Надо сказать, что учебная удаль Уныньевой резко пошатнулась после дня дефлорации и медаль ей так и не дали — медаль получила Пиратова.
На выпускном мы курили втроем на крыльце в опасной близости от учителей и родителей. Зина сказала:
— Борис уехал на гастроли.
Они виделись редко. После Того Раза — всего четыре. Зина страдала, но ходила на репетицию, будто в школу. Она совсем не переживала оттого, что медаль досталась не ей, напротив, всячески радовалась за Пиратову, как будто бы обойденную хитрой судьбиной.
Одноклассники сегодня, на выпускном, казались особенно глупыми, и было радостно, что мы теперь не будем встречаться. Их поглотит Город, пожирающий детей своих не хуже Сатурна: я знала, что знакомые и надоевшие до зуда лица соучеников растворятся в памяти, как сахар в горячей воде...

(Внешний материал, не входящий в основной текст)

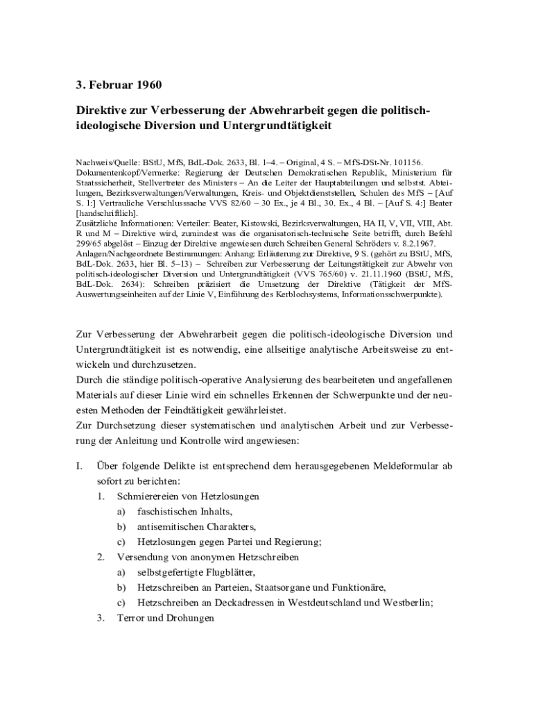 Holen Sie sich kostenlos Direktive zur Verbesserung der Abwehrarbeit gegen die politisch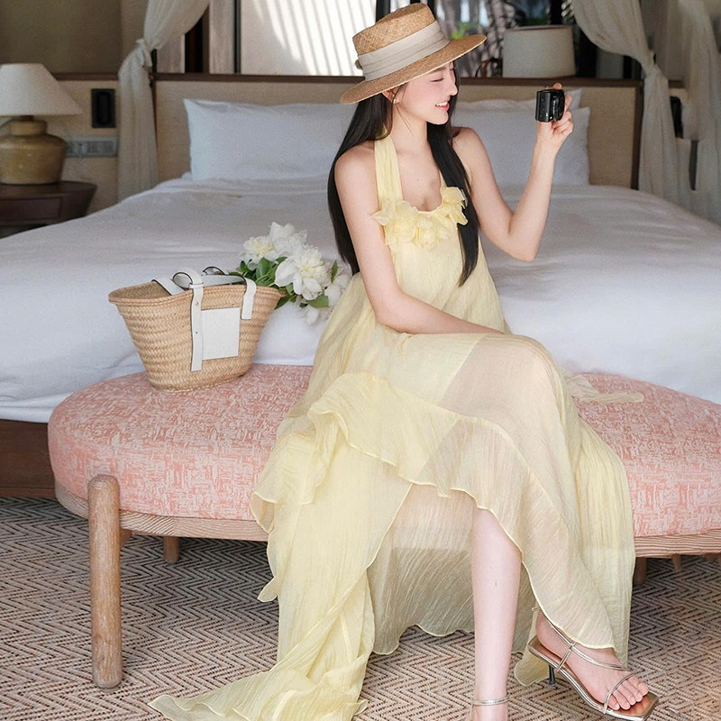 淘宝SylCue仙女度假风立体花饰显瘦飘逸挂脖连衣裙开叉百搭不规则长裙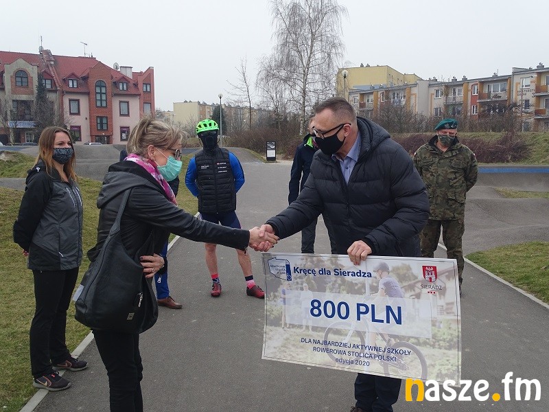 Dzisiejsze spotkanie na terenie pumptracku było też okazją do wręczenia przez prezydenta Sieradza Pawła Osiewałę nagrody za ubiegłoroczny wynik w tej akcji Szkoły Podstawowej nr 10 w Sieradzu. Symboliczny czek na 800 zł odebrała Helena Rajewska, dyrektorka placówki.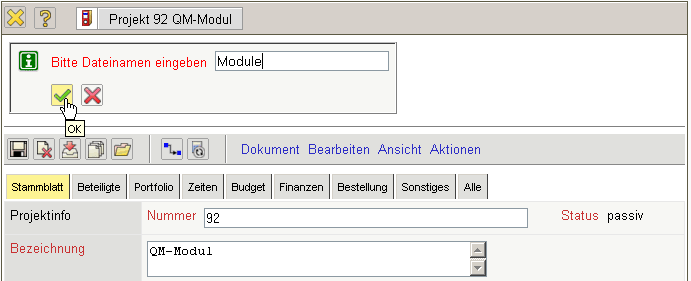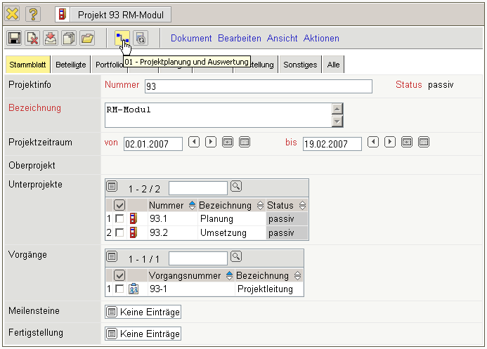 … wird die gesamte Projektstruktur angelegt. Mit Hilfe der Aktion “01 - Projektplanung” kann die Struktur eingesehen und verändert werden.

Никто, разумеется, не имел в виду, что мы трое тоже взаимно забудемся — нет уж! Уж нет! Разорвать нашу дружбу не смогла даже любовь, в двух случаях — абсолютно безответная.
Тебе, Принцесса, не кажется странным поведение Суршильского? Эти его легкомысленные взбрыкивания и обнадеживания, вечные сомнения и мучительное недовольство самим собою, а заодно и всем вокруг... Теперь, через четырнадцать лет, мне смешно представить себя рядом с таким человеком. А тогда все было естественно, дано, не осуждалось и не обсуждалось...

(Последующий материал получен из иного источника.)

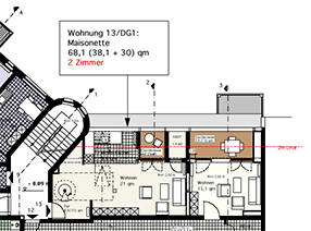 Dachaufsicht -> alle Dachwohnungen m. eigener Terrasse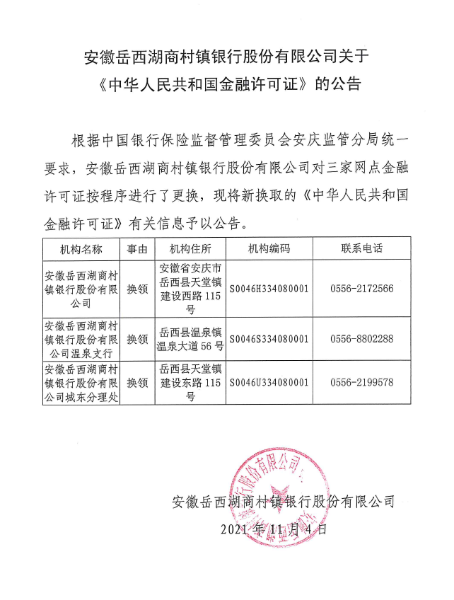 安徽岳西湖商村镇银行股份有限公司关于《中华人民共和国金融许可证》的公告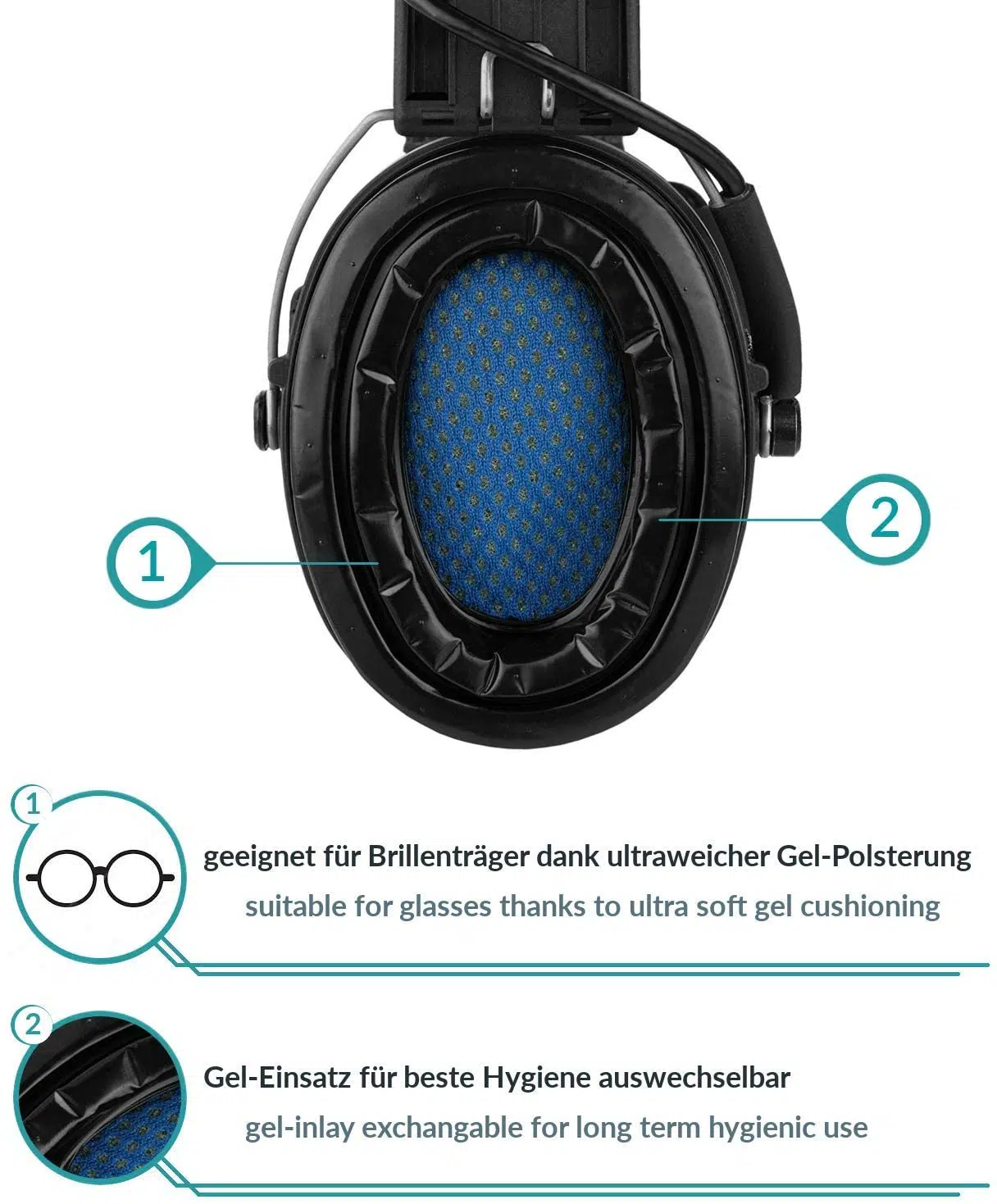 - waldgrüne Muscheln, extrem robust, mit wasserdichten Mikrofonen und 5 Jahren Herstellergarantie auf elektronische Bauteile. Ideal für Jäger und Sportschützen.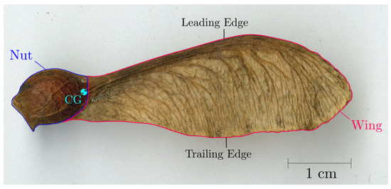 In this research, we are particularly interested in the Sycamore maple, Acer pseudoplatanus, the most common Maple species in Europe [11], for which its form can be seen in Figure 1. They are characterised by a relatively heavy round nut that capsules the seed, and an exceptionally thin and light wing, which is reinforced by a thick leading edge. These samaras fall from the tree on a windy day and once detached, their chordwise and spanwise mass distribution allow them to autorotate [12,13]. This autorotation is said to produce a condition for exceptionally high lift and drag, which counters the force of gravity and slows down the descent of the samara. In turn, the slower descent gives samaras a longer time for them to be blown sideways by crosswinds and consequently, increases the probability to be dispersed further. In fact, it is known that with the help of up-gust, samaras can travel from a few meters to several kilometers from the parent tree [14,15]. This phenomenon, known as autorotation, is not new in the aerospace sector as it has already been used by autogyros and helicopters for unpowered rotor conditions [16,17]. Despite their tiny wing featuring very low aspect ratios, samaras seem to be masters of autorotation, as they descend at incredibly low vertical speeds of under 1 ms in still air conditions, which is much slower than many have anticipated [18,19].
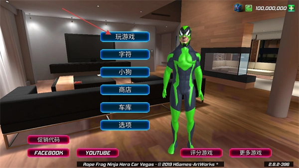 1、这是绳蛙忍者英雄的主界面,设有玩游戏、字符等功能选项,点击“玩游戏”选项即可进入游戏。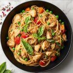 This Chicken Lo Mein recipe features tender chicken breast stir-fried with fresh vegetables and cooked lo mein noodles, all tossed in a flavorful sauce made from soy, oyster, and hoisin sauces. Easy to prepare in under 40 minutes, this dish is a perfect weeknight meal bursting with savory Asian flavors and a satisfying mix of textures.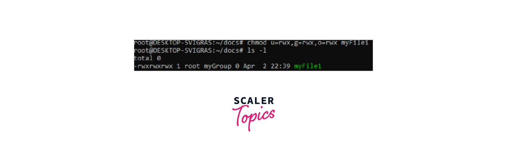 In this example, we are changing the user permission of a file by setting the file permissions to users, groups, and others.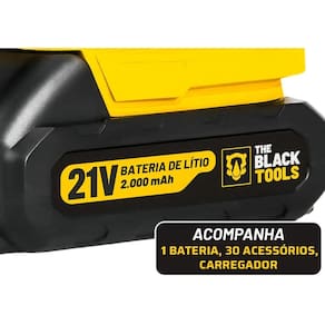 A the black tools é uma marca comprometida com a qualidade e as necessidades do cliente. Nosso objetivo é oferecer as melhores soluções para o seu dia a dia, com um design funcional e inovador. Parafusadeira furadeira de impacto profissional 21v 1 bateria com maleta tb-21pw the black tools A furadeira parafusadeira de impacto 21v da the black tools, modelo tb21pw, uma poderosa ferramenta que vai transformar suas tarefas de perfuração e parafusamento em experiências rápidas e eficientes. Ideal para e doméstico, a tb21pw oferece desempenho superior, durabilidade e conveniência. Aplicações: - ideal para perfuração em diversos materiais, como metal, madeira e plástico; - profissionais da construção, marcenaria, bricolagem e uso doméstico. Itens inclusos: - 01 broca de impacto multifuncional m8; - 04 brocas helicoidais m2,3,4,5,6; - 01 conector flexivel de 30 mm; - 01 ponteira ph2+st6 de 65 mm; - 01 ponteira ph2 de 100 mm; - 01 parafusadeira tb21px; - 01 carregador bivolt; - 02 adaptadores; - 09 soquetes; - 01 bateria; - 01 manual; - 10 bits. Ficha técnica: - diâmetro do mandril 3/8 10mm aperto rápido ; - rotação sem carga : 0-400/0-1400 rpm; - velocidade variável e reversível; - indicador de carga de bateria; - empunhadura soft grip; - opção de torque 18 + 3; - marca: the black tools - função impacto: sim; - carregador: bivolt - bateria: 2.000mah - modelo: tb21pw - voltagem: 21v Marca:the black tools Modelo: tb-21pw Peso: 1.300 kg Dimensões cxlxa : 25 x 6 x 20 cm Marca: Não Informado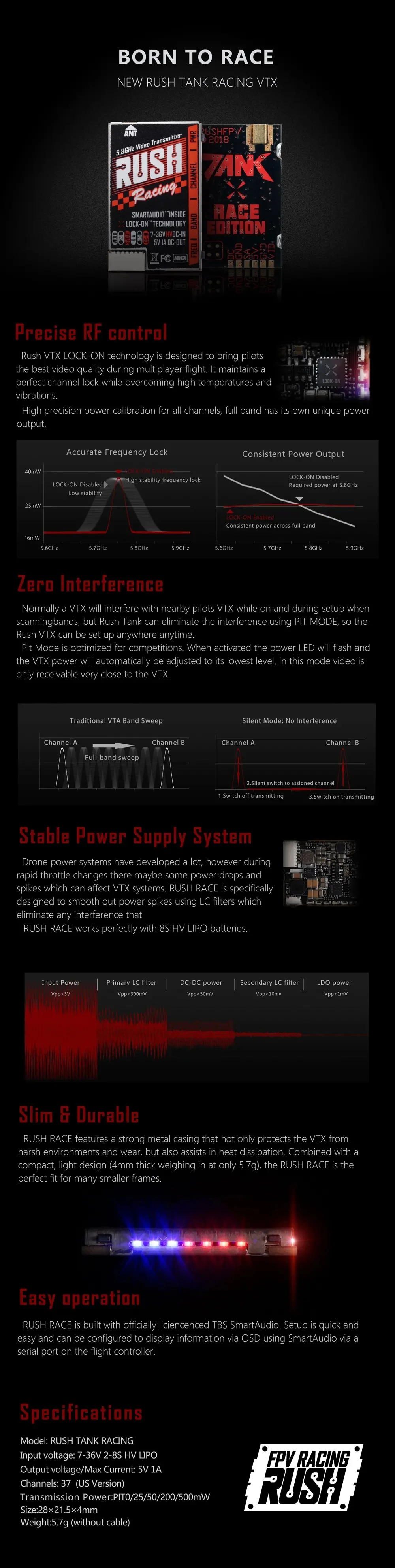 Раш Танк 5,8G 48CH переключаемый 2-8S VTX FPV передатчик для RC FPV гоночный Дрон RC модели игрушки Запасные части DIY аксессуары

Перед вступительными мы трое часто ездили на пляж. Да, можешь себе представить, в нашем Городе есть еще и пляж. Сейчас я там, конечно же, не бываю, а тогда — мы лежали, вытянувшись на полотенцах на берегу заводского водохранилища, и читали учебники. Я — русский, Пиратова — химию, а Уныньева — математику, ей взбрело поступать на мехмат, который все называли “махмуд”.
— Я часто вспоминаю нашу больницу, — вздохнула Пиратова, размазывая по ноге комара.
— И я.
— А уж я-то как часто вспоминаю, — интересно, что у Зины появились интонации Суршильского, его словечки, и даже профили их казались мне теперь одинаковыми.
Мы с Пиратовой поступили в инстики легко — она даже сдала все на пятерки, а мне хватило баллов для филфака. Уныньева (Гордость Школы!) позорно завалила экзамены и устроилась работать в горбольницу номер 2. Младшей медицинской сестрой.
Я приходила к ней на работу и смотрела, как Уныньева складывает одеяла с крупными нашитыми буквами “2 горбольница”. Или запросто: “2 гор-ца”.
“Два горца!” — пела Уныньева и исполняла сложный восточный танец с одеялом, покуда больные застенчиво ждали в коридоре.
Потом я уехала к бабушке в Свердловск и только через месяц, от Пиратовой, узнала новости.
Новостей было две, и обе плохие. Хуже не бывает. Первая — Суршильский скоропостижно женился на Булке, в миру — Ксении Ветряевой, и Ксения Ветряева-Суршильская имеет честь быть на шестом месяце беременности.
Вторая новость плавно проистекала из первой: Зина Уныньева пыталась повеситься в ванной, но ее вовремя обнаружила мама. Уныньеву увезли в областной психдиспансер на обследование, как суицидницу, но потом все-таки выпустили.